Последняя его фраза прозвучала с внезапной хрипотцой, голос прервался, и он, поперхнувшись, весело откашлялся, потер грудь и поднял рюмку в сторону Гричмара:
– Ну, за тебя, Джон. Кстати, не сходить ли тебе сегодня вечерком в театр? Как ты настроен?
Гричмар шумно засопел, выцеживая дым ноздрями крупного носа, с выпытывающей, мнилось, подозрительностью всматриваясь в глаза Крымова, в его руку, потирающую грудь, и, помолчав, спросил по-русски:
– Ты немножко плохо чувствуешь?.. Ты устал? Тебе сердце больно? Я помню, в Париже ты глотал таблетку…
– Жизнь – это борьба с неотвратимостью смерти. Библия говорит, что человек рождается для страданий. Но я себя чувствую прекрасно. А как насчет театра?
– Зачем ты так шутишь? – проговорил с грустным упреком Стишов, умоляя Крымова взглядом, и хрустнул пальцами. – Ты не так-то уж много пил, но вид у тебя действительно усталый и… не совсем вполне…
– Ты прости меня великодушно, Анатолий, я пошутил не очень удачно, я еще в цепях пышных и высоких слов, – сказал, оживляясь, Крымов, сейчас же подмигнул, допил коньяк и поторопил Гричмара дружески-бесцеремонно: – Ну заявляй, предлагай программу, сегодня я твой гид.
Закряхтев, Гричмар значительно помахал толстым, как сарделька, пальцем, требуя внимания, допил рюмку, перевернул ее вверх дном, потряс над столом, доказывая, что в ней не осталось ни капли, старательно выговорил:
– Рюм-мочка р-родная… Благодар-ствуй за гост… гостеприимство. Так по-русски?
– Совершенно точно, Джон. Великолепное произношение. Мне бы так по-английски.
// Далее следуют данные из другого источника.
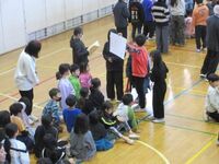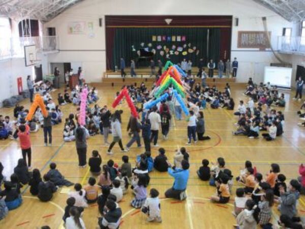 本校の6年生を送る会は、たてわりグループで集まって行います。まずは、たてわりグループで代表委員会が企画した遊びをしました。1年生から5年生までは6年生と遊ぶ最後のたてわり活動です。「かしら文字ゲーム」という「いつ・どこで・だれが・なにをしたゲーム」をアレンジした内容です。学年分け隔てなく楽しそうに活動していました。ゲームが終わり、各グループで6年生へのメダルの授与。6年生がとても誇らしく見えました。
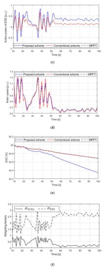 The reduced amount of SOC for the conventional and proposed schemes were 0.2984% and 0.4802%, respectively (see Figure 9e). Because the coordinated control increased the additional active power using weighting factors related to SOC, the weighting factors of the WTG and ESS were calculated for the releasable and absorbable energy. In this case, the ESS had enough releasable and absorbable energy, and thus, αESS was determined such that the ESS had a greater contribution compared to the WTG, as shown in Figure 8f. Note that the high value of coefficient p could adversely affect the frequency stabilization when the penetration level of the WTG was high.
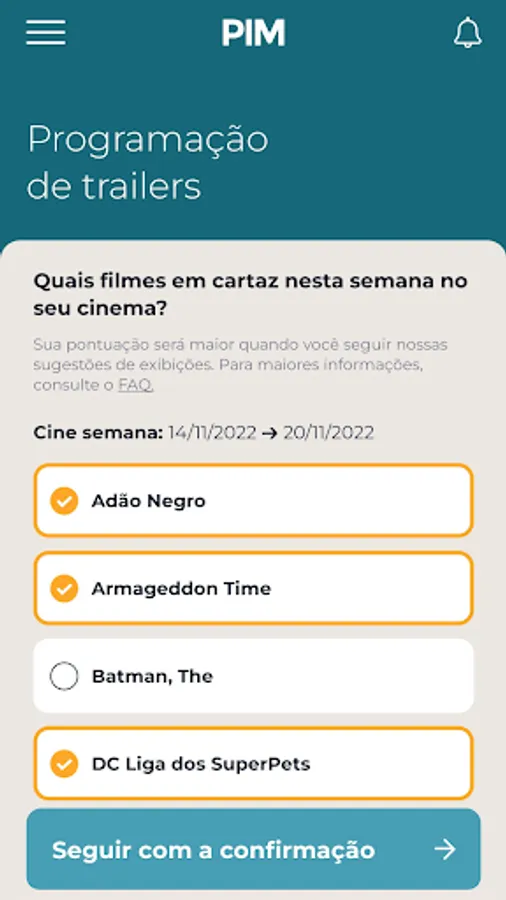 The Materials Incentive Program (PIM) is an incentive tool for theaters, based on engagement confirmation of receipt, installation and programming of both physical materials and trailers for films from Warner Bros. and Universal.
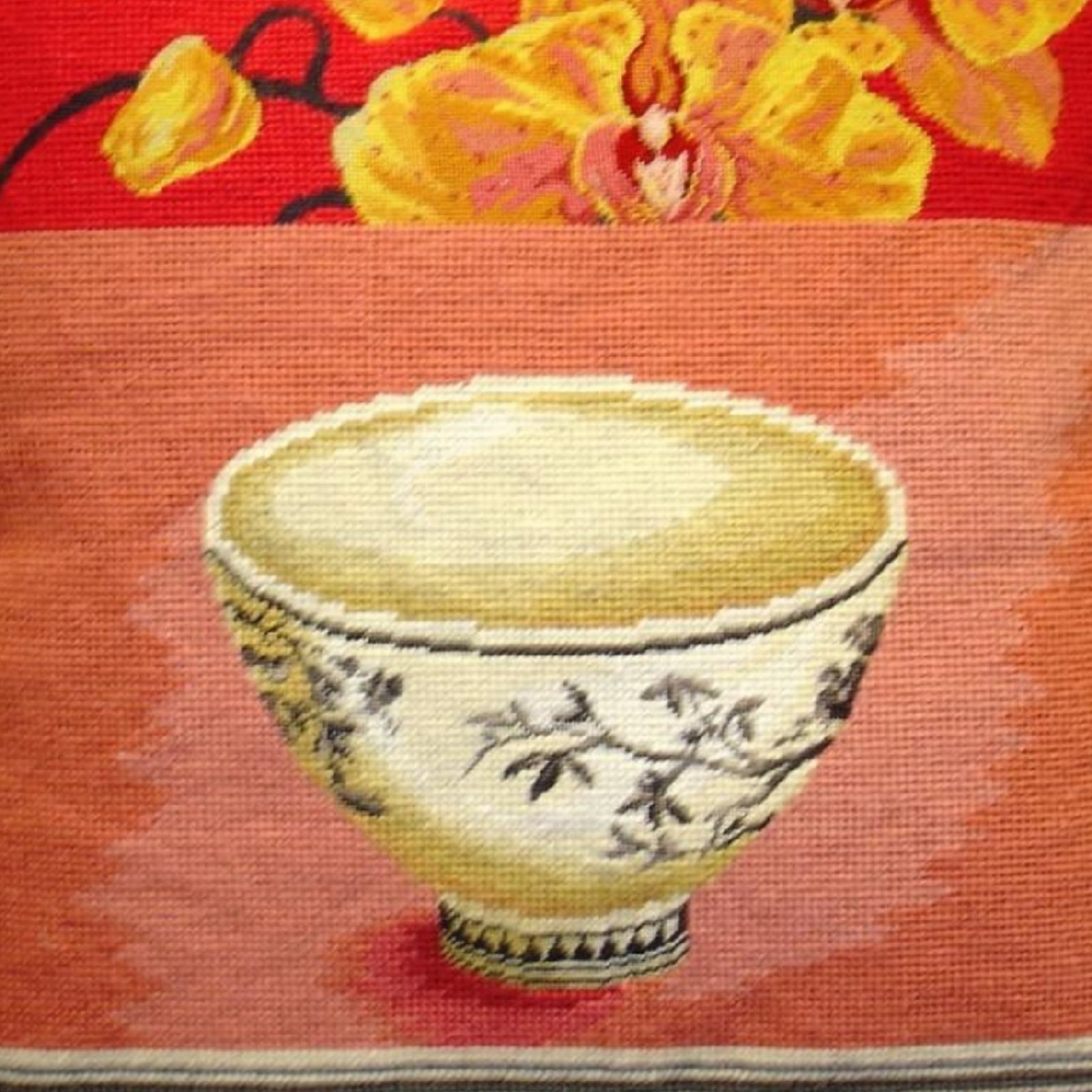 Handmade Wool Needlepoint Pillow Cover - Decorative Throw Cushion Cover - Vintage Floral Embroidery Design Kathryn White Design N

И беззучно посмеявшись, Гричмар снова помахал пальцем – это, по-видимому, была привычка его – и сказал доверительно:
– У вас говорят: иди в театр. В Париже говорят: иди в Фоли-Бержер, Лидо. Там можно хорошо выпить и повеселиться. Когда на сцене страдают, я сижу, смотрю, и меня берет глупый смех. Но иностранцу неудобно хохотать. А ты любишь, Вячеслав?
– Не так чтоб уж очень и не очень чтоб уж так. Моя забота – обеспечить тебя билетом, но в театр я с тобой не пошел бы, и ты бы меня понял. Мне тоже становится плохо, когда шатаются декорации и у героя в патетический момент отрывается ус.
«К чему, зачем я говорю это? Да, да, сейчас все пройдет и будет лучше. Какая тоска!.. Еще выпить коньяку? Вспомнить какой-нибудь анекдот? Странное дело – у меня нет памяти на анекдоты. Да, любопытный мужик этот Гричмар, Гричмар… Но почему он так серьезно и так упорно смотрит на меня?»
– Вячеслав, я приехал не в театр и не туристом. У меня к тебе большое дело. Мне есть необходимость с тобой решить один идея. Я имею цель… Хочу тебя пригласить… по-русски – пригласить, да? Пригласить сделать режиссуру… Нет, позвать на постановку фильма. У меня есть хороший сценарий, нужен твоя голова.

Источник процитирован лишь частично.